→ Assignment
Every entry must reappear in your answer exactly as written, though its pictures must not.

→ Excerpted data

————

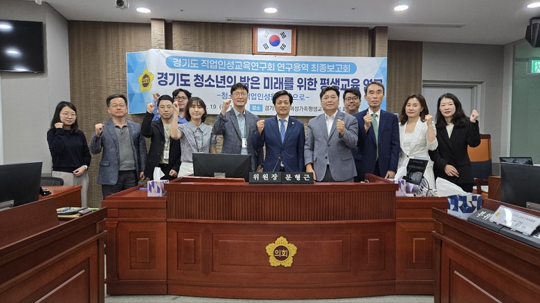 [경기도 세계타임즈=송민수 기자] 경기도의회 여성가족평생교육위원회 문형근 위원장(더불어민주당, 안양3)은19일 여성가족평생교육위원회 상임위원실에서 의원연구단체인 ‘경기도 직업인성교육연구회’(회장 박세원 의원, 무소속·화성3) 주관으로 진행된 정책연구용역 최종보고회를 마쳤다.
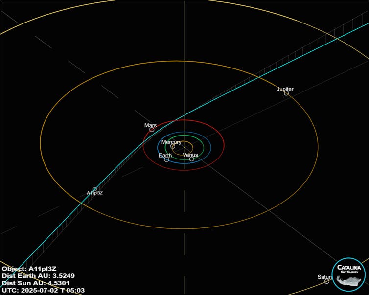 Como en los dos casos anteriores (el cometa Borisov y ‘Oumuamua), A11pl3Z procede del espacio profundo. Estos objetos sólo son detectables cuando están a una distancia suficiente para que la luz reflejada del Sol llegue a los sistemas de rastreo telescópico actuales. De nuevo, el programa automatizado ATLAS ha sido el que ha realizado este histórico descubrimiento.
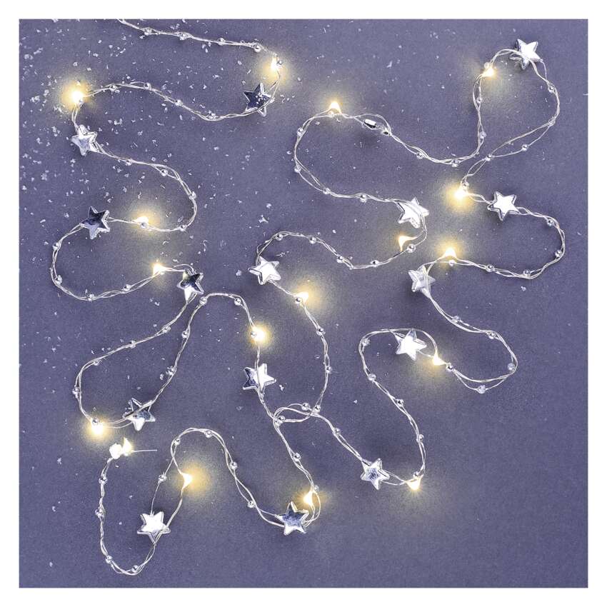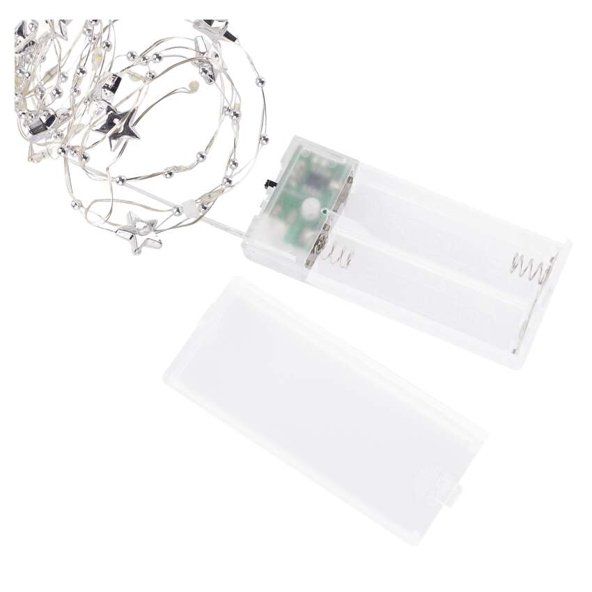 LED Weihnachtslichterkette silberfarben – Sternchen, 1,9 m 2x AA, Innen, warmweiss, Timer
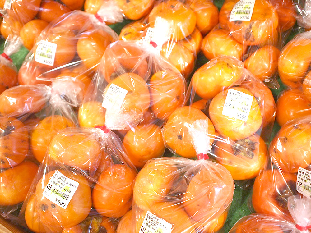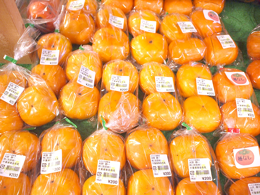 道の駅 みのりの郷東金 東金マルシェの今の季節は柿がいっぱい!です。
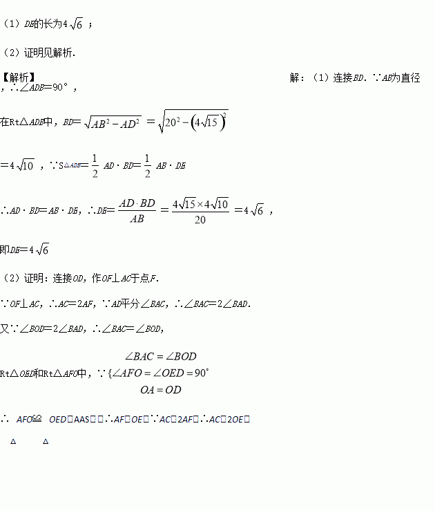 如图,C、D两点在以AB为直径的半圆O上,AD平分∠BAC,AB=20,AD=4
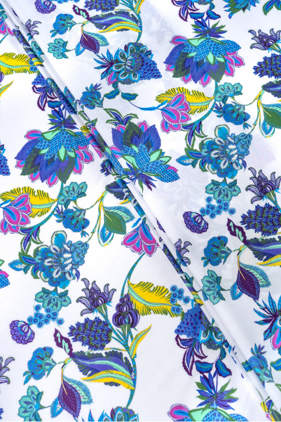 Włoska tkanina 100% bawełniana typu batyst w kolorze śmietanowym z kolorowym motywem kwiatowym.
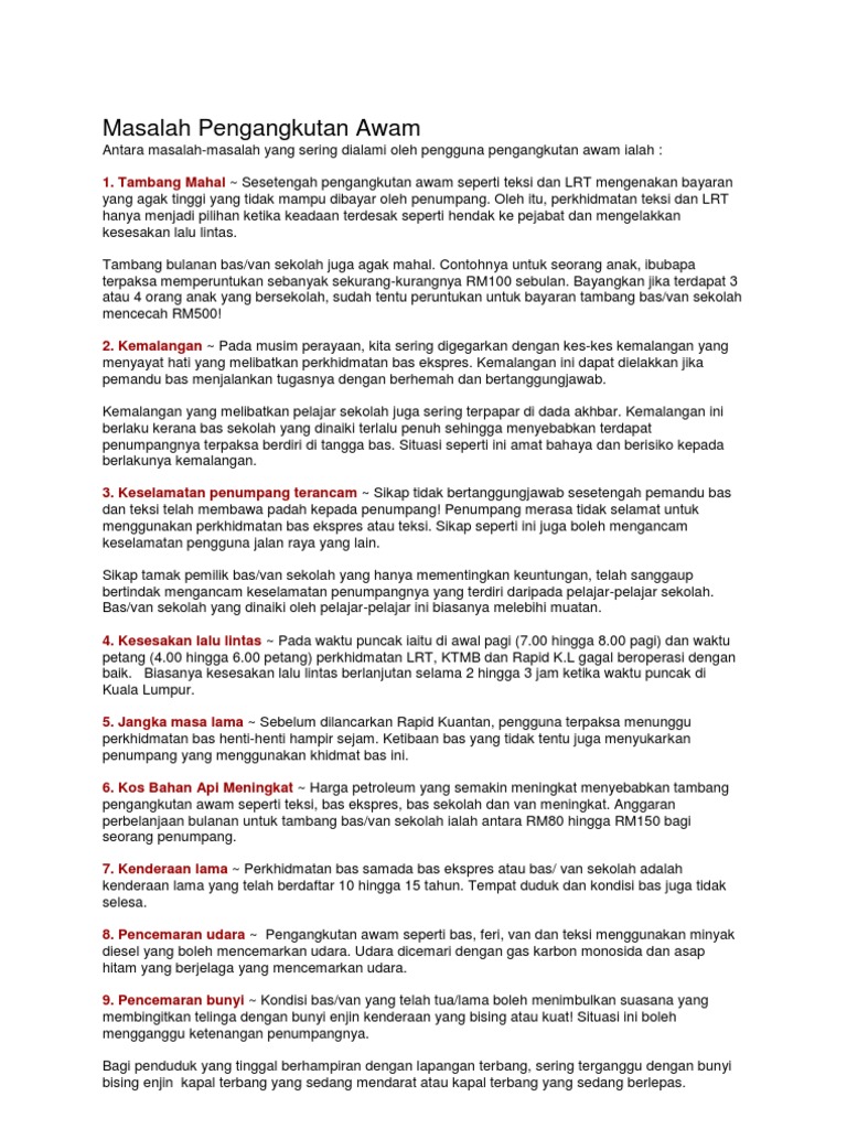 Mengenal Pasti Dan Huraikan Masalah Pengangkutan Awam Mengenal Pasti Dan Huraikan Masalah Pengangkutan Awam Antara Masalah Perkembangan Pengangkutan Course Hero
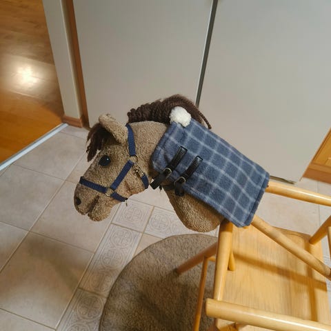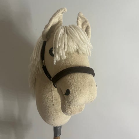 Hyväkuntoinen ja uudenveroinen keppihevonen.
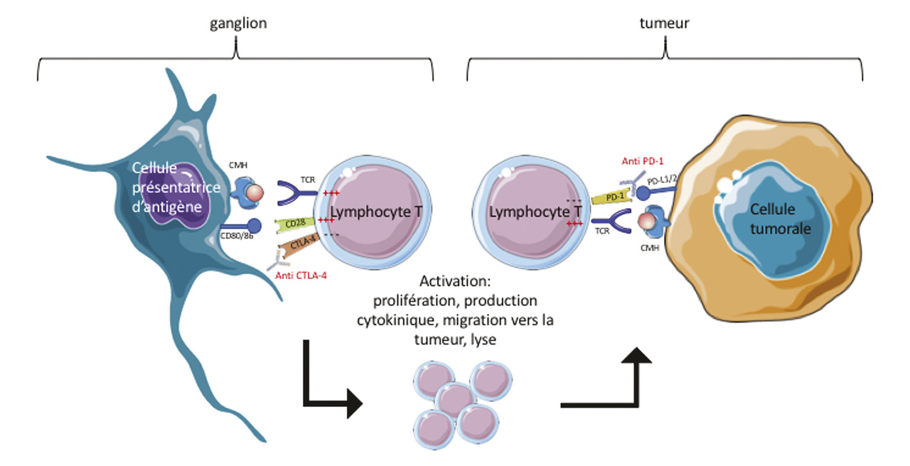 Le système immunitaire joue un rôle clé dans la clairance des cellules tumorales. L’immunothérapie antitumorale approuvée dans le traitement du mélanome aux stades avancés cible les points de contrôles immunitaires impliqués dans l’activation lymphocytaire T : PD-1 (programmed cell death 1) et CTLA-4 (cytotoxic T-lymphocyte-associated protein 4) :– CTLA-4 est un récepteur immunitaire homologue au CD28 ; CD28 est une molécule de costimulation permettant l’activation du lymphocyte T lors de la présentation de l’antigène par une cellule présentatrice d’antigène (cellule dendritique, complexe majeur d’histocompatibilité 1/2 [CMH-1/2]) au niveau du ganglion lymphatique ; CTLA-4 a une affinité plus forte que CD28 aux ligands CD80/86 et génère un signal inhibiteur au lymphocyte T ;

————

→ The answer
 [경기도 세계타임즈=송민수 기자] 경기도의회 여성가족평생교육위원회 문형근 위원장(더불어민주당, 안양3)은19일 여성가족평생교육위원회 상임위원실에서 의원연구단체인 ‘경기도 직업인성교육연구회’(회장 박세원 의원, 무소속·화성3) 주관으로 진행된 정책연구용역 최종보고회를 마쳤다.
 Como en los dos casos anteriores (el cometa Borisov y ‘Oumuamua), A11pl3Z procede del espacio profundo. Estos objetos sólo son detectables cuando están a una distancia suficiente para que la luz reflejada del Sol llegue a los sistemas de rastreo telescópico actuales. De nuevo, el programa automatizado ATLAS ha sido el que ha realizado este histórico descubrimiento.
 LED Weihnachtslichterkette silberfarben – Sternchen, 1,9 m 2x AA, Innen, warmweiss, Timer
 道の駅 みのりの郷東金 東金マルシェの今の季節は柿がいっぱい!です。
 如图,C、D两点在以AB为直径的半圆O上,AD平分∠BAC,AB=20,AD=4
 Włoska tkanina 100% bawełniana typu batyst w kolorze śmietanowym z kolorowym motywem kwiatowym.
 Mengenal Pasti Dan Huraikan Masalah Pengangkutan Awam Mengenal Pasti Dan Huraikan Masalah Pengangkutan Awam Antara Masalah Perkembangan Pengangkutan Course Hero
 Hyväkuntoinen ja uudenveroinen keppihevonen.
 Le système immunitaire joue un rôle clé dans la clairance des cellules tumorales. L’immunothérapie antitumorale approuvée dans le traitement du mélanome aux stades avancés cible les points de contrôles immunitaires impliqués dans l’activation lymphocytaire T : PD-1 (programmed cell death 1) et CTLA-4 (cytotoxic T-lymphocyte-associated protein 4) :– CTLA-4 est un récepteur immunitaire homologue au CD28 ; CD28 est une molécule de costimulation permettant l’activation du lymphocyte T lors de la présentation de l’antigène par une cellule présentatrice d’antigène (cellule dendritique, complexe majeur d’histocompatibilité 1/2 [CMH-1/2]) au niveau du ganglion lymphatique ; CTLA-4 a une affinité plus forte que CD28 aux ligands CD80/86 et génère un signal inhibiteur au lymphocyte T ;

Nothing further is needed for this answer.